-- Entries shown --
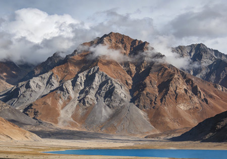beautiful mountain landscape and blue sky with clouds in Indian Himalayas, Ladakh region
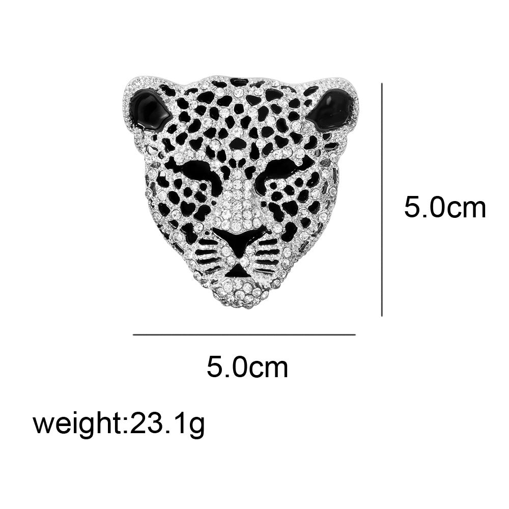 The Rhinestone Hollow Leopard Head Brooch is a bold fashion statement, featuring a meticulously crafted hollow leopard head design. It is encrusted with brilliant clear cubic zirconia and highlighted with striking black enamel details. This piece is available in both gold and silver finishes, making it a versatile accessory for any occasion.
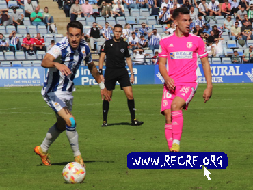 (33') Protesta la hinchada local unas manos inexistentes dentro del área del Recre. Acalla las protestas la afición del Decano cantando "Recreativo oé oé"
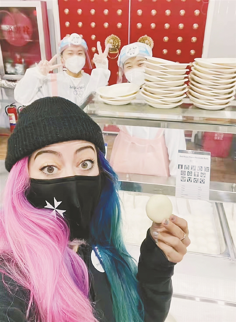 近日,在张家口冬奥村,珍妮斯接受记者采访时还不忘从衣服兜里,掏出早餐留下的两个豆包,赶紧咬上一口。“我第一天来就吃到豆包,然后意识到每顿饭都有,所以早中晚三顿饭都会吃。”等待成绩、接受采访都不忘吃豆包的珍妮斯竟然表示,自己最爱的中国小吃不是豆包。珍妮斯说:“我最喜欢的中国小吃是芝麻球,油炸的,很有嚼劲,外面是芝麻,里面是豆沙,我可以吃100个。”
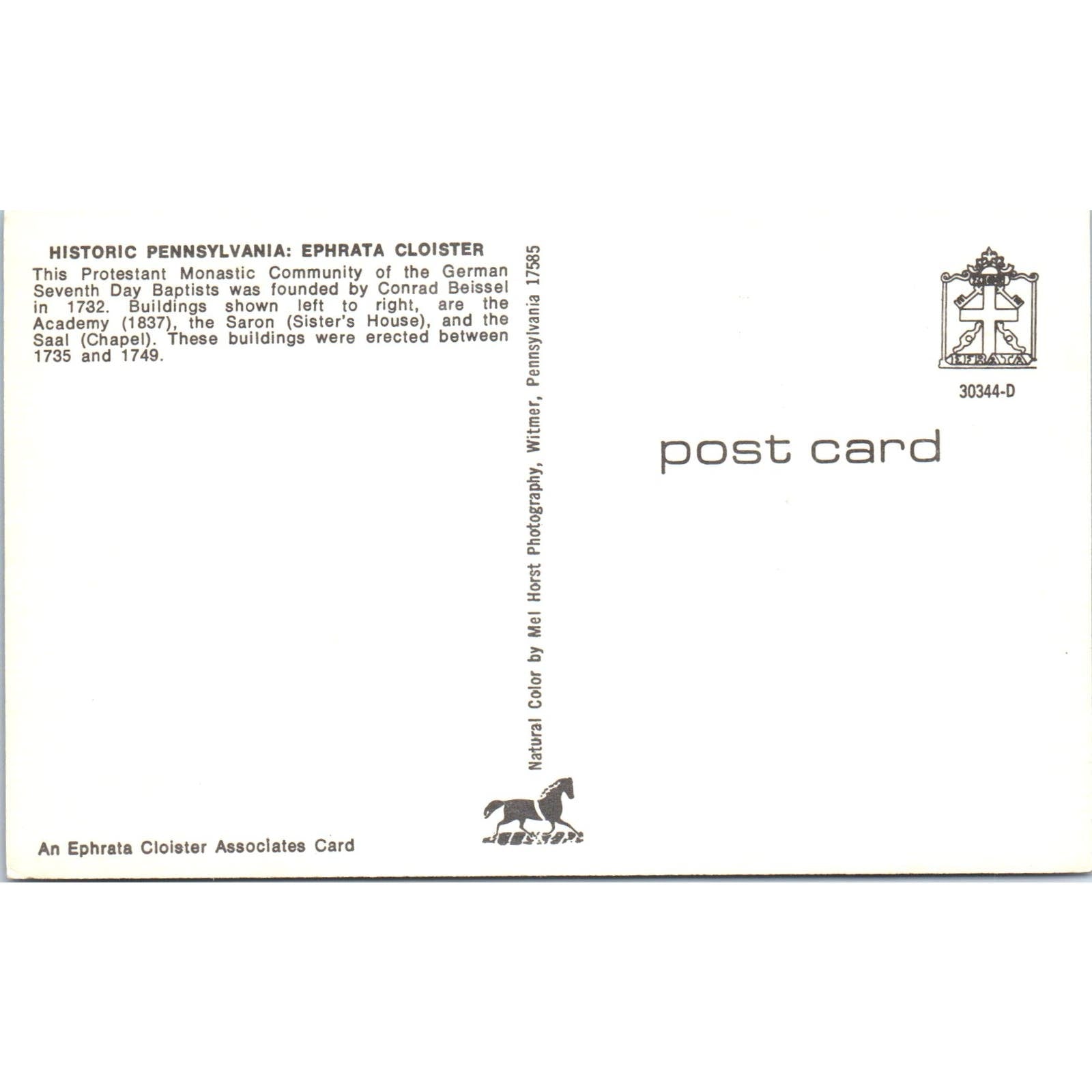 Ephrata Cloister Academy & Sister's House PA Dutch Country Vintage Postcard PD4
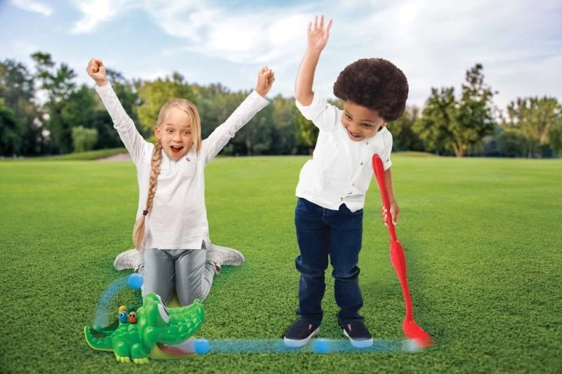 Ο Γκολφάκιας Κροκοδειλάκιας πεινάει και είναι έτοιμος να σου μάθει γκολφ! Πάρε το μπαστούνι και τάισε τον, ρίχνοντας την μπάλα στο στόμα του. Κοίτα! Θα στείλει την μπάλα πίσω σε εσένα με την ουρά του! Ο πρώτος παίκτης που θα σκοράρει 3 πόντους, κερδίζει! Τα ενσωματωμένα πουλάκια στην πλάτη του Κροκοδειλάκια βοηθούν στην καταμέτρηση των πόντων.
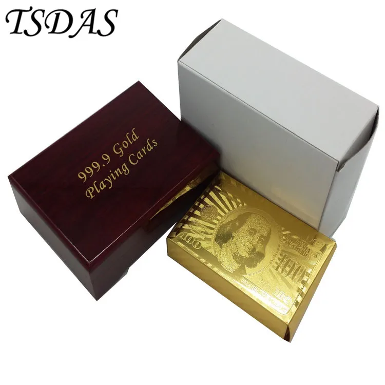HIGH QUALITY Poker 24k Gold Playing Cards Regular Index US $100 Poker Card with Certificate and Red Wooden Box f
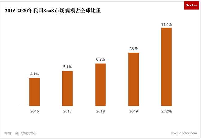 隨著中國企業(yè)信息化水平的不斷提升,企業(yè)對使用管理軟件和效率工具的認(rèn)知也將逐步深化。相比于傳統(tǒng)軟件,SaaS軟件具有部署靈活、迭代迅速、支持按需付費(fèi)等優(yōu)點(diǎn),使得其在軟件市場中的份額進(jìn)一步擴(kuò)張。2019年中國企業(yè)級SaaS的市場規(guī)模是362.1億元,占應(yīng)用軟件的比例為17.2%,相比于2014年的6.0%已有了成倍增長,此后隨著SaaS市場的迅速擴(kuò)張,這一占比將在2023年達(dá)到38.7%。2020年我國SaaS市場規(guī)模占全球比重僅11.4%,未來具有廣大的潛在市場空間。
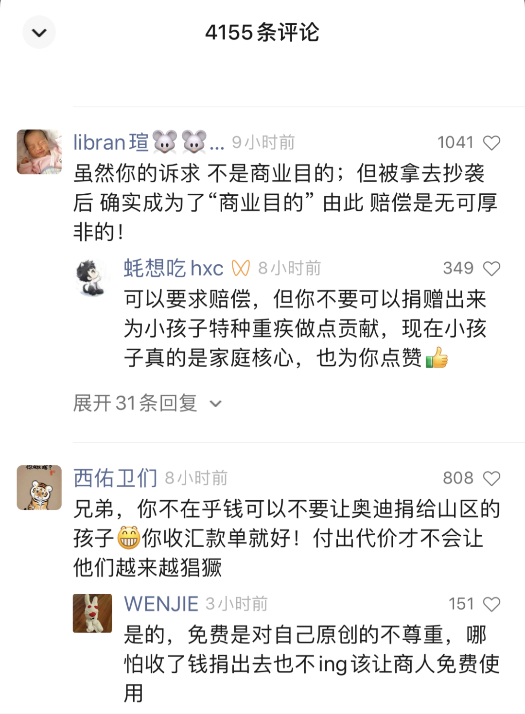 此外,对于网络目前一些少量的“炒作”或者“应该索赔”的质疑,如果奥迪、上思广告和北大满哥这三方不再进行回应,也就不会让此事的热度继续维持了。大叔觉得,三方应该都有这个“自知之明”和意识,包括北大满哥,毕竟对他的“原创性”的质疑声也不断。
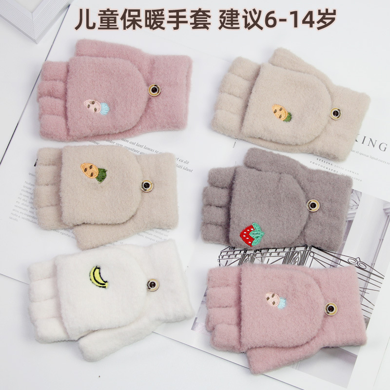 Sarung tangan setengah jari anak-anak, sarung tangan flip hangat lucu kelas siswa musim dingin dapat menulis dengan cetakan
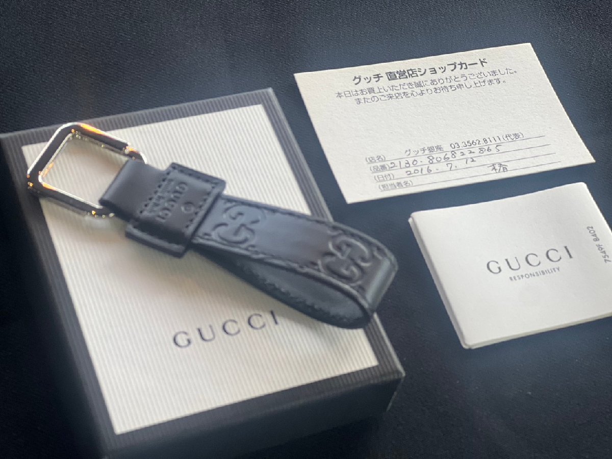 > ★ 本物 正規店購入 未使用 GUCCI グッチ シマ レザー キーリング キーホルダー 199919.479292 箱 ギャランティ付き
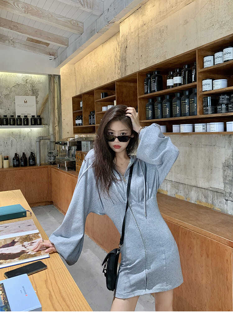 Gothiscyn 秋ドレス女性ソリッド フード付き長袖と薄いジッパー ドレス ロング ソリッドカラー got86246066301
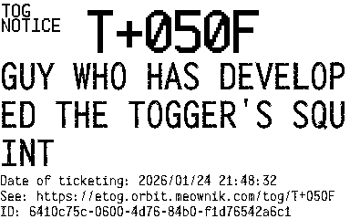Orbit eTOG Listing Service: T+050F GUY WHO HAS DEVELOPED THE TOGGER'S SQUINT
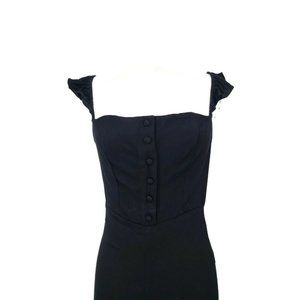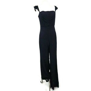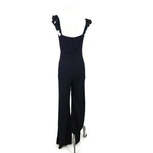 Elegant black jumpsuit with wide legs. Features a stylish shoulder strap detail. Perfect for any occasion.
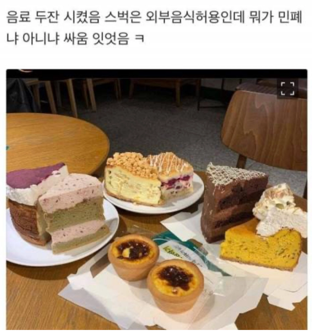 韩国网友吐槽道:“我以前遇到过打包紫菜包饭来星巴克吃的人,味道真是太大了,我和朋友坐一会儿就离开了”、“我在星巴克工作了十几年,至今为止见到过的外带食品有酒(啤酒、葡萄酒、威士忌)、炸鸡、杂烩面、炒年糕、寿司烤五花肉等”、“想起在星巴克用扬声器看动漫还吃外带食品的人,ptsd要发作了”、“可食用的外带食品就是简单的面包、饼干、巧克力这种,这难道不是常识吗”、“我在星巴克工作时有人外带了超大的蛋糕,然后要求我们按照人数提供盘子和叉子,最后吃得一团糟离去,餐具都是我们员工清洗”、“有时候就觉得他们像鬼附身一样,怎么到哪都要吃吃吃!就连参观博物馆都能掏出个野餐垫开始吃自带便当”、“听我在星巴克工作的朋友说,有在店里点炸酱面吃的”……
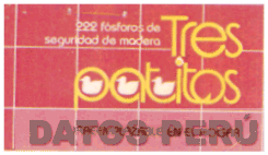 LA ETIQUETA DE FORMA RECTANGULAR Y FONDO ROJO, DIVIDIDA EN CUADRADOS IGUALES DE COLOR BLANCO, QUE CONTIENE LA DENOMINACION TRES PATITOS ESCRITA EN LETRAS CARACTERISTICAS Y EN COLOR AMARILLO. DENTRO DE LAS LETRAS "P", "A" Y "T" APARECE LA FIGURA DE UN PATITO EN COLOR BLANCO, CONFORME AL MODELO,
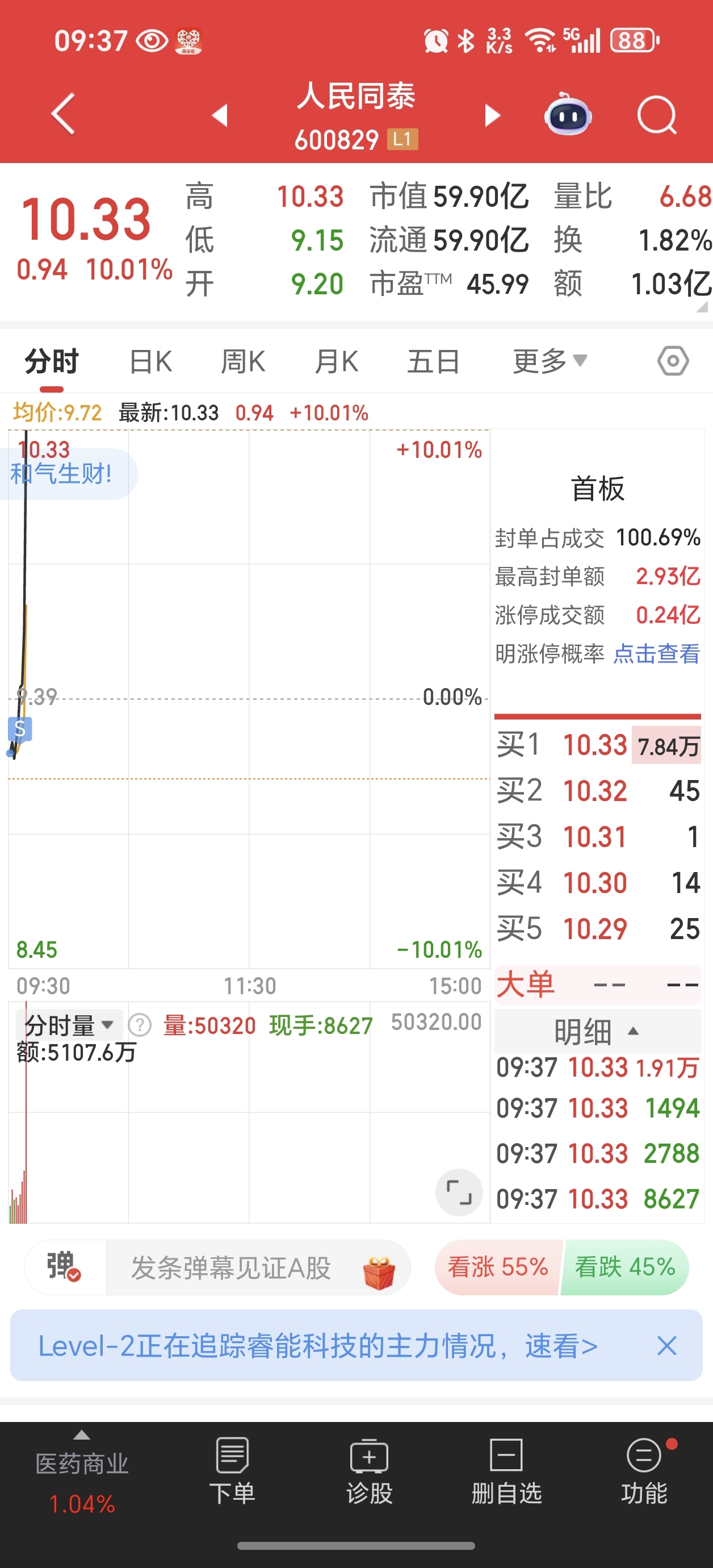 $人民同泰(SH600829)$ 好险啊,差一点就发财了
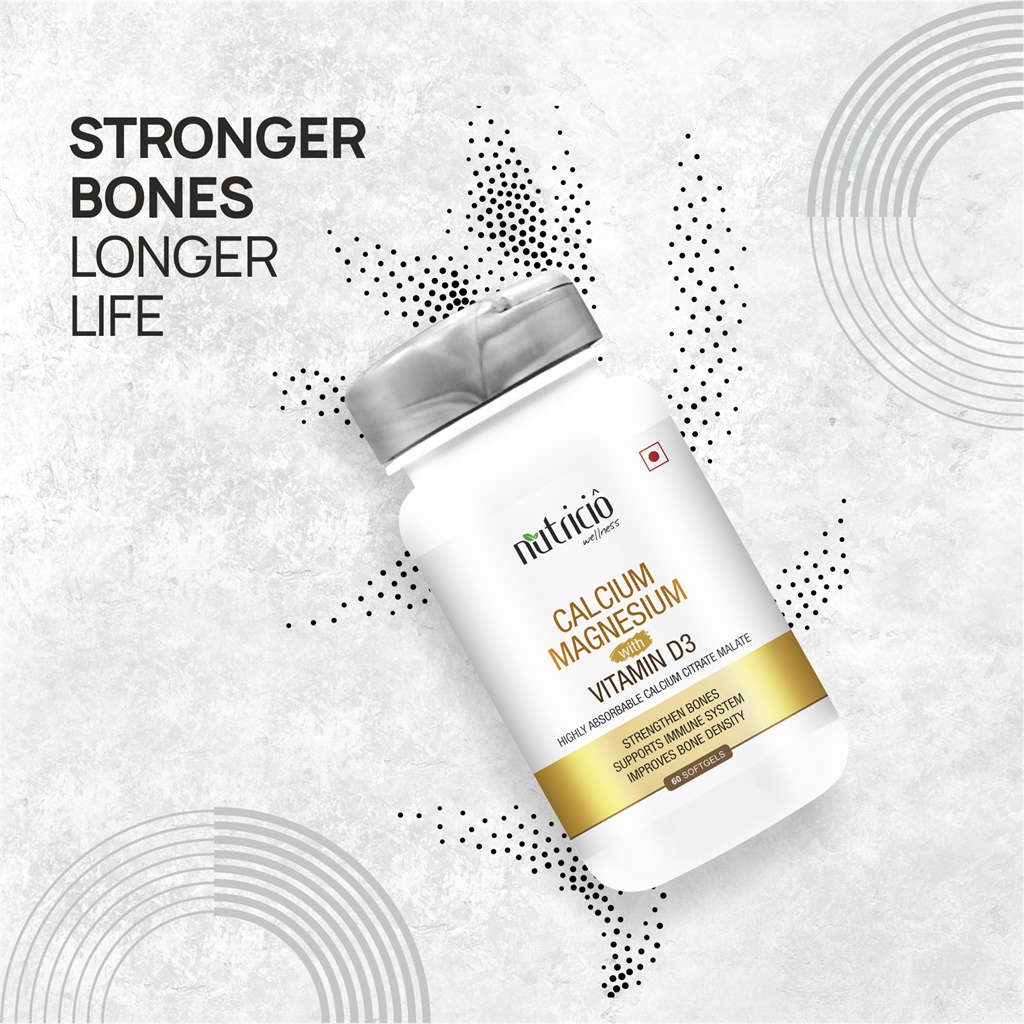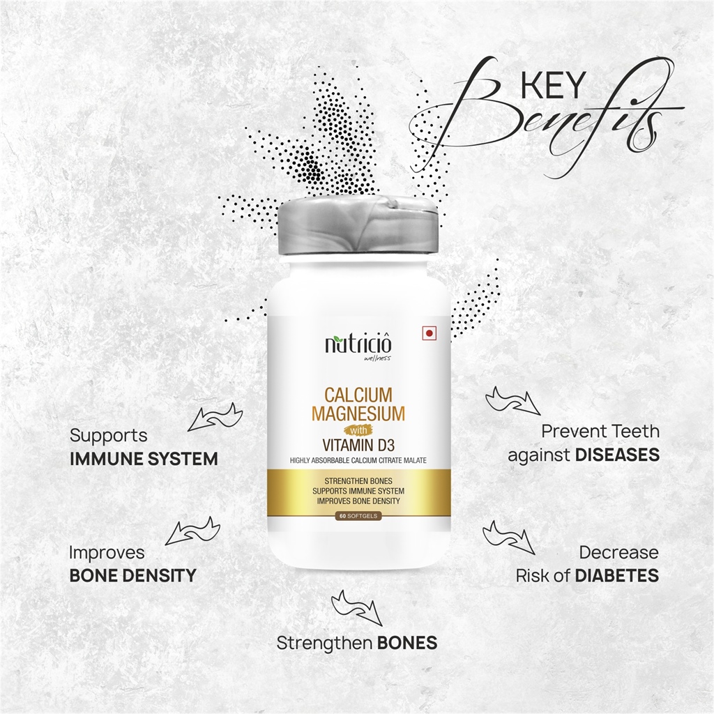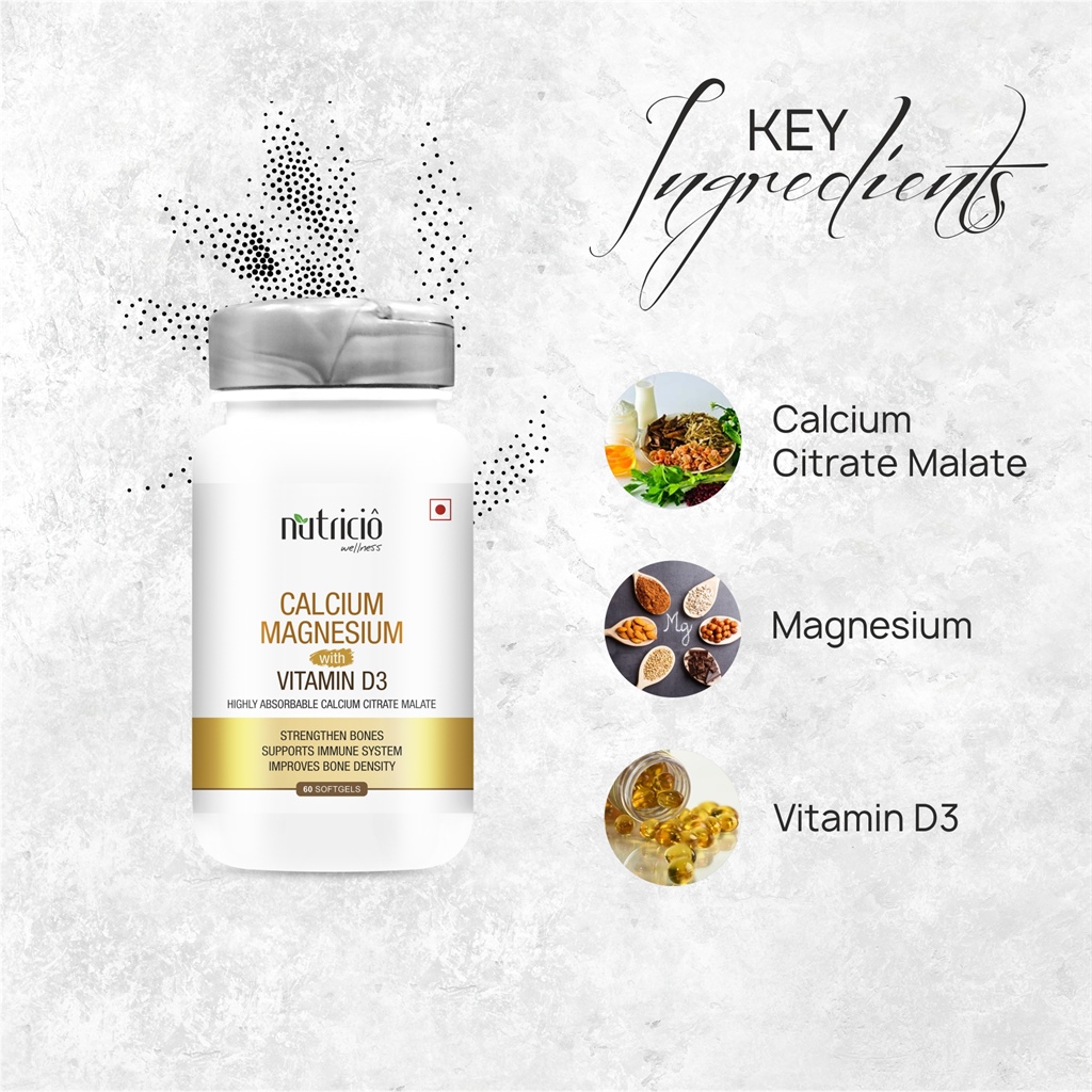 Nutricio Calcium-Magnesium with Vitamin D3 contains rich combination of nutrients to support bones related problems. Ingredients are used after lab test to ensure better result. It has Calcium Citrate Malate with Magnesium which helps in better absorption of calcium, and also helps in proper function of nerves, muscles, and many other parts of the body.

-- Directions --
Give back, exactly as written, the lines from the top of the material through the line with "Ephrata Cloister Academy", ends included and pictures left aside.

-- Reply --
beautiful mountain landscape and blue sky with clouds in Indian Himalayas, Ladakh region
 The Rhinestone Hollow Leopard Head Brooch is a bold fashion statement, featuring a meticulously crafted hollow leopard head design. It is encrusted with brilliant clear cubic zirconia and highlighted with striking black enamel details. This piece is available in both gold and silver finishes, making it a versatile accessory for any occasion.
 (33') Protesta la hinchada local unas manos inexistentes dentro del área del Recre. Acalla las protestas la afición del Decano cantando "Recreativo oé oé"
 近日,在张家口冬奥村,珍妮斯接受记者采访时还不忘从衣服兜里,掏出早餐留下的两个豆包,赶紧咬上一口。“我第一天来就吃到豆包,然后意识到每顿饭都有,所以早中晚三顿饭都会吃。”等待成绩、接受采访都不忘吃豆包的珍妮斯竟然表示,自己最爱的中国小吃不是豆包。珍妮斯说:“我最喜欢的中国小吃是芝麻球,油炸的,很有嚼劲,外面是芝麻,里面是豆沙,我可以吃100个。”
 Ephrata Cloister Academy & Sister's House PA Dutch Country Vintage Postcard PD4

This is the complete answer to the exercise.